Got another E Tx pig a couple days ago out at my brothers place. The hunt got off to a bad start when I got to the feeder and realized that it wasn't feeding. It had rained 2 days earlier and the rain splattered dirt only had 1 set of tracks(hog) leading to the feeder that turned immediately around and went back into the woods that they had come from. It was already late and i didn't want to chance spooking deer off of another feeder so I decided to tough it out. Well, with about 5 min left of shooting light I could hear them back in the woods and it didn't take long for me to realize that they were headed towards me. The first thing I can see is a couple of noses poking out of the brush. Eventually they come towards the feeder(group of 6) but quickly veer off back up the rifle lane. For some reason, they decide to circle back and take one more look so I draw and wait for them to enter my lane knowing that they won't stay. As soon as they get into my lane I settle on the lead pig and shoot her while she's walking. The hit was a little back but she was slightly quartered away, so she only went about 40 yds. It's been a tough season for me, I needed to bloody an arrow.


----------



## Auer Power (Jun 16, 2009)

Pretty pig, be a nice one for a full body mount


----------



## wet dreams (May 21, 2004)

I don't know about mounting it BUT will make some nice sausage....WW


----------



## kim e cooper (Feb 18, 2006)

Congrats on a good shot and good meat haul.


----------



## bubbas kenner (Sep 4, 2010)

two tone pigs are my favorite tks for pics good job on the kill.


----------



## Chunky (Oct 15, 2006)

Congrats on a fine pig!


----------



## NOFNSUZIES (Mar 20, 2007)

bubbas kenner said:


> two tone pigs are my favorite tks for pics good job on the kill.

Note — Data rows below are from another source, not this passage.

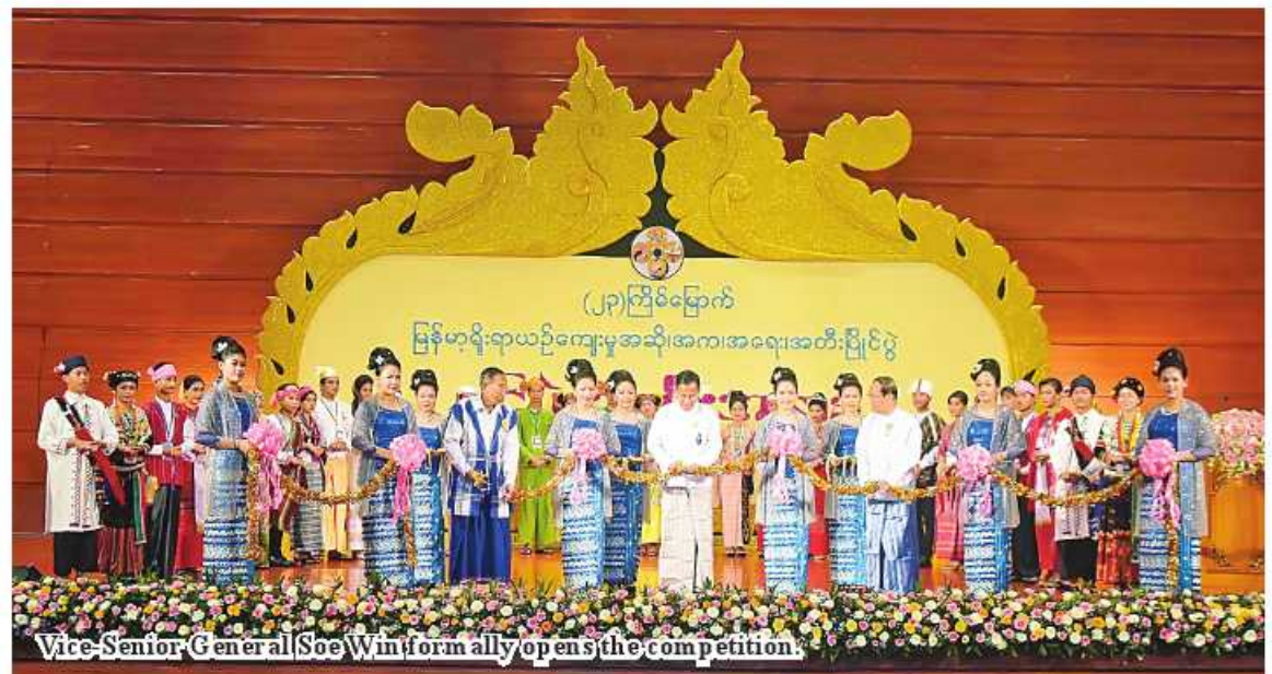
Vice-Senior-General Soe Win formally opens the competition.

The civilization of Pyu state cities along the River Ayeyawady, the lifeblood of Myanmar, is the earliest evidence. Scholars regarded the earlier Pyu Period as 200 BC, Beikthano, Maingmaw, Tagaung, Halin, and Sri Ksetra were the ancient Pyu city states of significance. Pyu people were skilled in irrigation for cultivation and various kinds of handicrafts. They were able to make coils, jewel ornaments, gold foils,
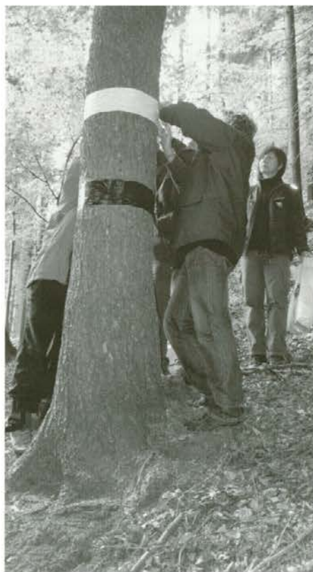
Zaščitni trakovi proti zapredkaricam
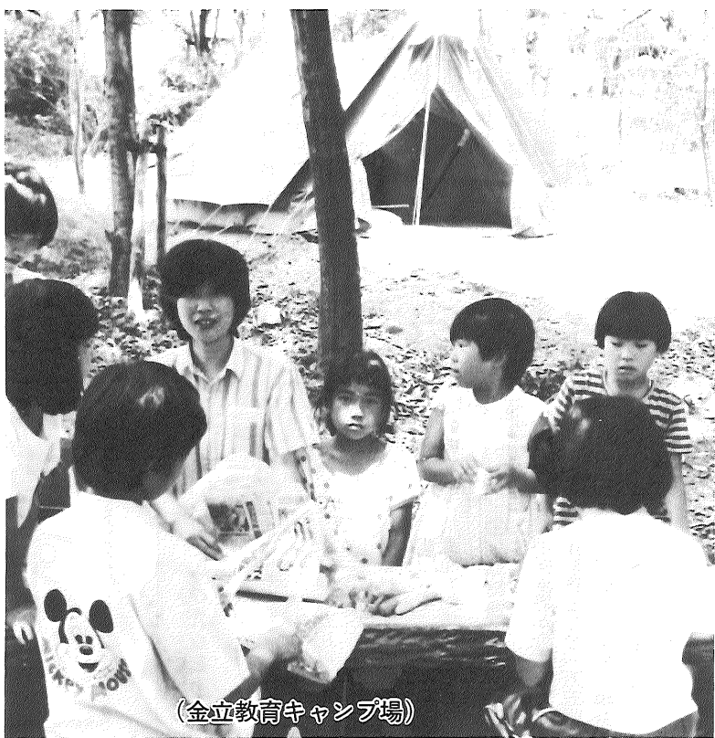
(金立教育キャンプ場)

●医療費が増えると 医療費の増加は、増えた分に比べて、みなさんが納められた保険税を値上げして、これを補うことになっていきます。しかし、今日のように増えつづける医療費に合わせて、保険税を値上げしたのでは、みなさんの負担が大きくなり、たいへんです。むしろ、医療費がなぜ増えるかをよく理解して、限られた財源のなかで、適切な医療を受けられるようご協力をお願いします。
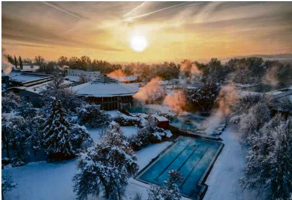
Besonders im Winter ein Genuss: Bei Minusgraden im wohlig warmen Heilwasser der Rottal Terme entspannen

Bad Birnbach. Im südöstlichen Niederbayern, zwischen Donau, Rott und Inn, pulsiert seit 50 Jahren unermüdlich dampfend heißes Heilwasser aus den Tiefen des Urgesteins. Genau hier liegt Bad Birnbach, das ländliche Bad. Ein Blick zurück: Viele Menschen versammelten sich damals an einem Bohrloch inmitten einer grünen Wiese. Langsam trat heißes, dampfendes Wasser aus der Erde, nachdem ein Bohrkopf bis in 1.618 Meter Tiefe des Urgesteins vorgebracht war und auf 70 Grad heißes und hoch mineralisiertes Thermalwasser stieß. Dieser Tag markierte den Beginn einer Erfolgsgeschichte, die noch heute andauert: Es war die Geburtsstunde des ländlichen Bades. Die Quelle wurde nach dem Ortsheiligen Chrysantus getauft. Der heilende Effekt wurde längst wissenschaftlich durch Prof. Dr. Heinrich Drexel vom Institut für medizinische Balneologie und Klimatologie der Universität München verbrieft. Fünf Jahrzehnte nach dem Fund weist die Rottal Terme mehr als 30 Becken mit einer Fläche
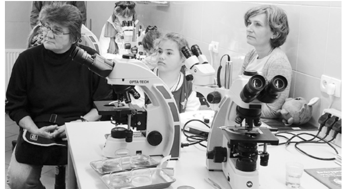
W laboratorium uczestnicy badali wodę z okolicznych wód

W ostatnią niedzielę września świętowaliśmy Dzień Rzeki. To był prawdziwie przyjemny jesienny dzień.
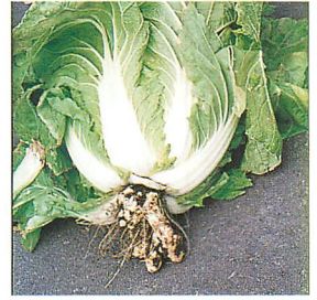
ハクサイ根こぶ病の罹病株（釘貴靖久氏原図）
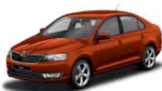
Červená Rio metalíza
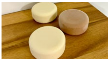
Chocolade mousse Mousse au chocolat
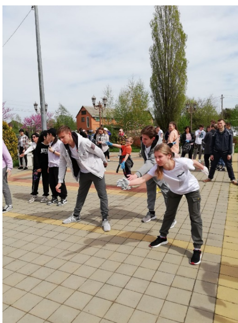
Рис. 3. Эко-плоггинг «Зеленая миля». Разминка с фитнес-тренером перед забегом

И вот дан старт. Большая группа двинулась вдоль правого берега реки до подножия Стрижибиной горы, на которой располагается х. Фортштадт. Маршрут включал в себя и спуски в овраги, и бег по пересеченной местности. Кто-то бежал, кто-то шел размеренным шагом, но у всех была одна цель – очистить места «дикого отдыха» от пластика и полиэтилена, которые наносят природе наибольший вред. По мере прохождения маршрута мешки увеличивались в размере и даже пона-
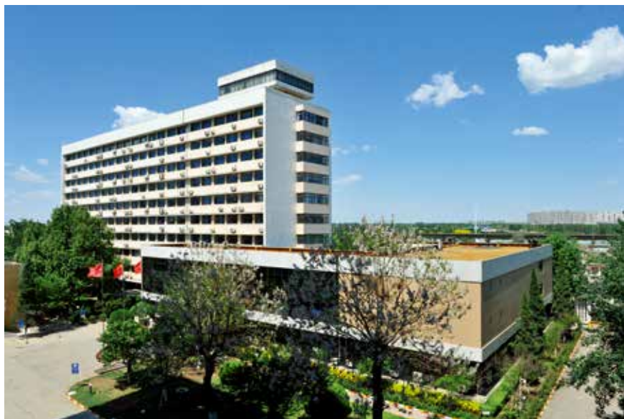
公司办公大楼全景

展，一直潜心做强中国技术和中国制造，从致力实现中国水泥的国产化、低投资，到新时代水泥工业数字化服务在国内外的落地开花，始终坚持以客户为中心，凭借先进精湛的技术、

Thanks. Mine too..... If a group comes in and there's a pig or 2 with distinguishing(cool) marks, they may as well have a bullseye on them when i'm in the tree. I think it makes hunting them a little funner and it always makes for a better pic, but I can say that those colored pigs and my desire to always go for them has saved the lives of the entire group on more occasions than one.hwell:


----------



## Bucksnort (Jun 29, 2004)

Good looking pig. Congratulations. Sounded like a great hunt.


----------



## Danny O (Apr 14, 2010)

Pretty piggy makes pretty sausage! Good job!


----------